Convenience, cost effectiveness and productivity are said to be benefits of a more digitized business world. However, research by a renowned Clemson University information systems professor suggests increased digitization isn’t inherently good for companies or consumers in some cases.

Varun Grover

Varun Grover

The research, conducted by Varun Grover, Clemson University’s William S. Lee (Duke Energy) Chair in Information Systems, says if strategies to increase digitization aren’t properly assessed, the enhanced technology can actually hurt companies and not meet their customers’ expectations.
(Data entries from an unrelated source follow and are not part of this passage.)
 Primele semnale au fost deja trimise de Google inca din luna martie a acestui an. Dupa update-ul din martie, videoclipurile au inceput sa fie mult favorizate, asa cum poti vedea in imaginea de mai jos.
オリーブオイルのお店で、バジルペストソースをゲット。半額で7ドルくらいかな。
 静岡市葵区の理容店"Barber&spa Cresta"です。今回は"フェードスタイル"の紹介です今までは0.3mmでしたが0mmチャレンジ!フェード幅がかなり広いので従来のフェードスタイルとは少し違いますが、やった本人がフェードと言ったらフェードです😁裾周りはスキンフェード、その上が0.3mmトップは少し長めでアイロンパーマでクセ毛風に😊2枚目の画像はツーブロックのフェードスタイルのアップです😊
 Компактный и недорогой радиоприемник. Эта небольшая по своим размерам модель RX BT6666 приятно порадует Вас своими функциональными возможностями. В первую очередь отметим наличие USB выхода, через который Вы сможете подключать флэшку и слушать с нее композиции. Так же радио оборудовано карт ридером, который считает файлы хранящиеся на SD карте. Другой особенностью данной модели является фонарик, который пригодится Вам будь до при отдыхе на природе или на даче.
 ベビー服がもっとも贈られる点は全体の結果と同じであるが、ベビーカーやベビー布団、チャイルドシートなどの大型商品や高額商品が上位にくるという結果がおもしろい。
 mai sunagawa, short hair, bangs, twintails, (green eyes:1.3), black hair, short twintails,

“Though we don’t necessarily disagree with the premise that more technology is better, our research does challenge prevailing myths that digitation enables companies to derive greater economic value from it, and that it creates greater value for consumers as well,” said Grover, one of the world’s most published information systems researchers. “The view that more is better can desensitize people to digitization’s caveat, that is, without understanding the contours of digital economics and consumer dynamics, companies will not succeed in realizing value from it.”

In his research paper, “Myths of Digitization,” Grover said before embarking on technology enhancements, companies must do their due diligence.
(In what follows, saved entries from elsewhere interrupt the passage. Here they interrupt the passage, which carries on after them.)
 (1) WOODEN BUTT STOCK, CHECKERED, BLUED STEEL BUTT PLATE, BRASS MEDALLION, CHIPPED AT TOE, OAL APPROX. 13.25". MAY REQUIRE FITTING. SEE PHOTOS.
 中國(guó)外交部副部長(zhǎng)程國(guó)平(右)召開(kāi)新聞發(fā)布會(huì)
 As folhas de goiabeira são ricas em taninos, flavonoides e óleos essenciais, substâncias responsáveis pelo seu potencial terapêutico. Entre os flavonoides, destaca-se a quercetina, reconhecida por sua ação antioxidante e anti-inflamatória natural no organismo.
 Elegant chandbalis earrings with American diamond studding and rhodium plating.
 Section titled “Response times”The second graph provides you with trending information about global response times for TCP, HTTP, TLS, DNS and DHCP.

“Technology improvements involve a huge investment of resources and the company’s reputation is on the line,” Grover said. “It would behoove any organization considering a new technology to undertake socio-technical analysis, strategy analysis and a risk analysis before proceeding.”
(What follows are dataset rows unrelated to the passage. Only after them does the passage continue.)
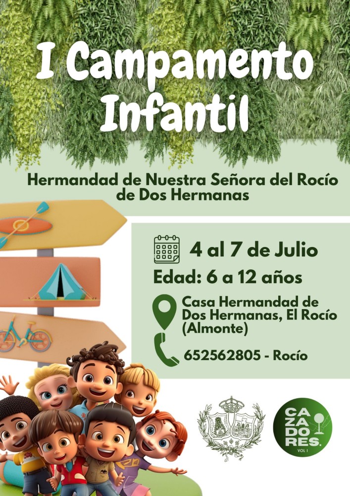 ¡Atención familias! La Hermandad del Rocío de Dos Hermanas anuncia su I Campamento Infantil del 4 al 7 de julio para niños y niñas de 6 a 12 años. ¡Una experiencia única llena de diversión y convivencia!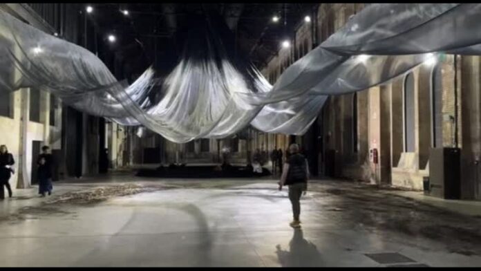 “E’ composta da una grande scultura cinetica che costantemente si muove – ha detto ad askanews – e che ispirata ai quantum computer, sono questi macchinari in via di sviluppo che l’artista ha avuto modo di studiare in una serie di residenze di ricerca che in qualche modo rappresentano il futuro della computazione. Sono macchinari ancora in via di sviluppo e ovviamente la cosa che ha interessato l’artista e quello che per gli scienziati in qualche modo ancora non funziona, ossia il fatto che questi computer siano estremamente sensibili, se vogliamo usare una parola umana e dedicarla alla macchina, ma sono sensibili a delle radiazioni di cui forse noi stessi siamo coinvolti ma forse non siamo cos attrezzati per riconoscerle”.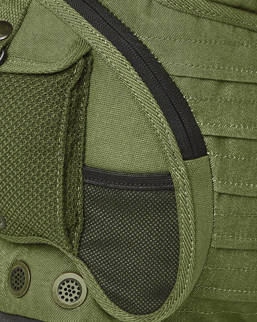 Dimensions: 18″ x 6″ x 11.5″ ? Front zipper pocket ? Side pockets ? Zippered Stash pocket ? Separate velour sunglass compartment ? Adjustable Straps for custom sizing ? Gold zippers with metal hardware ? Metal “Sprayground Authentic” badge?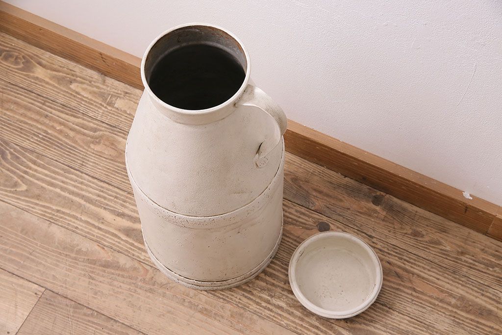 シャビーな雰囲気が漂う大きなミルク缶(ペイント、牛乳缶、ディスプレイ、ガーデニング雑貨)(R-047472)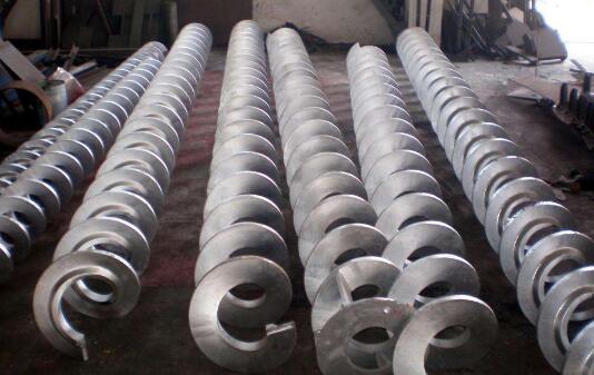 (1)螺旋轴是螺旋输送机实现物料的输送的主要构件,它由螺旋叶片和螺旋轴两部分的构成。按叶片在轴上的盘绕方向不同可分为右旋和左旋两种(逆时针盘绕为左旋,顺时针盘绕为右旋)。螺旋体输送物料方向由叶片旋向和轴的旋转方向决定,具体确定时,*确定叶片旋向,然后按左旋用右手、右旋用左手的原则,四指弯曲方向为轴旋转方向,大拇指伸直方向即为输送物料方向。同一螺旋体上如有两种旋向的叶片,可同时实现两个不同的方向物料的输送。螺旋轴通常采用直径30~70mm的空心钢管。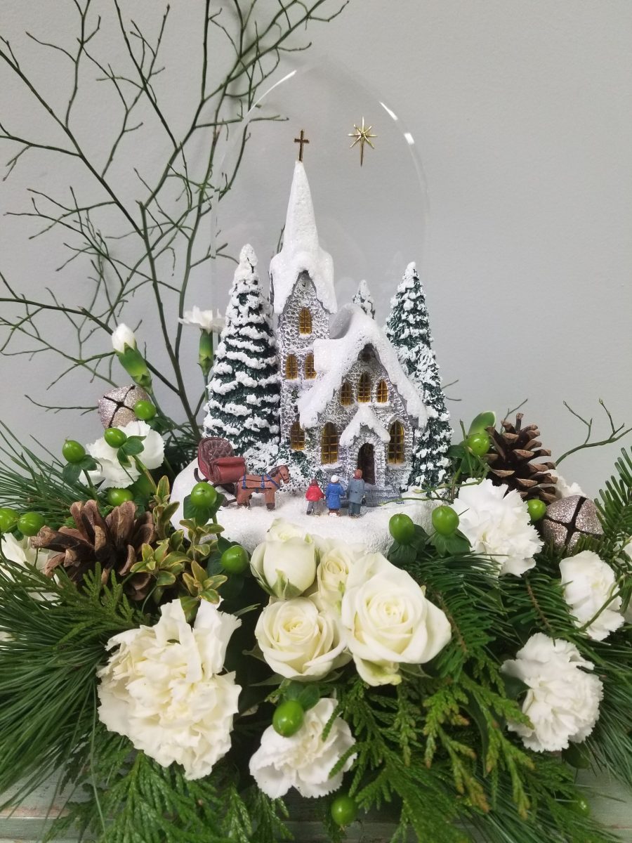 A beautiful arrangement filled with white roses and festive greens which comes with a light up Thomas Kinkade collectable nestled in the middle.

Grover said there are many examples of failed technologies due to companies not adequately assessing potential customer or competitor reactions. “With some consumers, for example, cultural and knowledge barriers exist that can influence the success or failure of a technology,” Grover added.

Airport check-in and grocery check-out kiosks are good examples of companies intending to bring greater efficiency and value to the consumer. “However, in some cultures, consumers are reluctant to use them for fear of embarrassment if the transaction fails and they need assistance in the presence of other customers. Also, some people are uncomfortable with technology taking away work from an employee.”

According to the research, another issue companies implementing new technology must consider is overshooting the sophistication of their consumers and the infrastructure available for the new technology to be used.

Grover said Netflix did not initially make profits when it went from providing DVDs through the mail to a digital delivery system. The sluggish start to their digital transformation was tied to broadband penetration being low and that a large customer base still valued receiving their small, red video packets in the mail.

“Another example was when banks began offering check deposits via imaging. Unfortunately, when it was launched consumers’ smartphones didn’t have sophisticated cameras and the value to customers wasn’t realized.”

A company’s technology enhancement can also open doors for competitors who replicate it at minimal expense, thus eroding the breakthrough product’s value. “TomTom had built a strong customer base with its navigation and mapping technology,” Grover said. “But it was easily replicated on a general purpose platform on smartphones. It’s an example of how a company may launch a digital service and competitors with better infrastructure can take the idea and improve on it.”

Though Grover’s research takes a contrarian look at technology advancements, his research does acknowledge its many benefits to industry and consumers. But companies that don’t thoroughly analyze all the implications are shortchanging themselves and their customers.

“Too many times, huge investments in digital fail because companies misinterpret their customer or competitive reactions,” Grover said. “Digitization offers great promise for firms and high value for consumers but companies need to be cognizant of conditions when digitization can reduce value.”

Grover has been recognized as the 5th most published author in the MIS Quarterly’s Most Prolific Author List, and has more than 25,000 citations to his research. MIS Quarterly is widely recognized as the leading journal in Information Systems and one of the top academic business publications. The Association for Information Systems has named Grover as number one in the world for research productivity in top journals among more than 6,000 of his peers. He has made Clemson his research hub since 2002.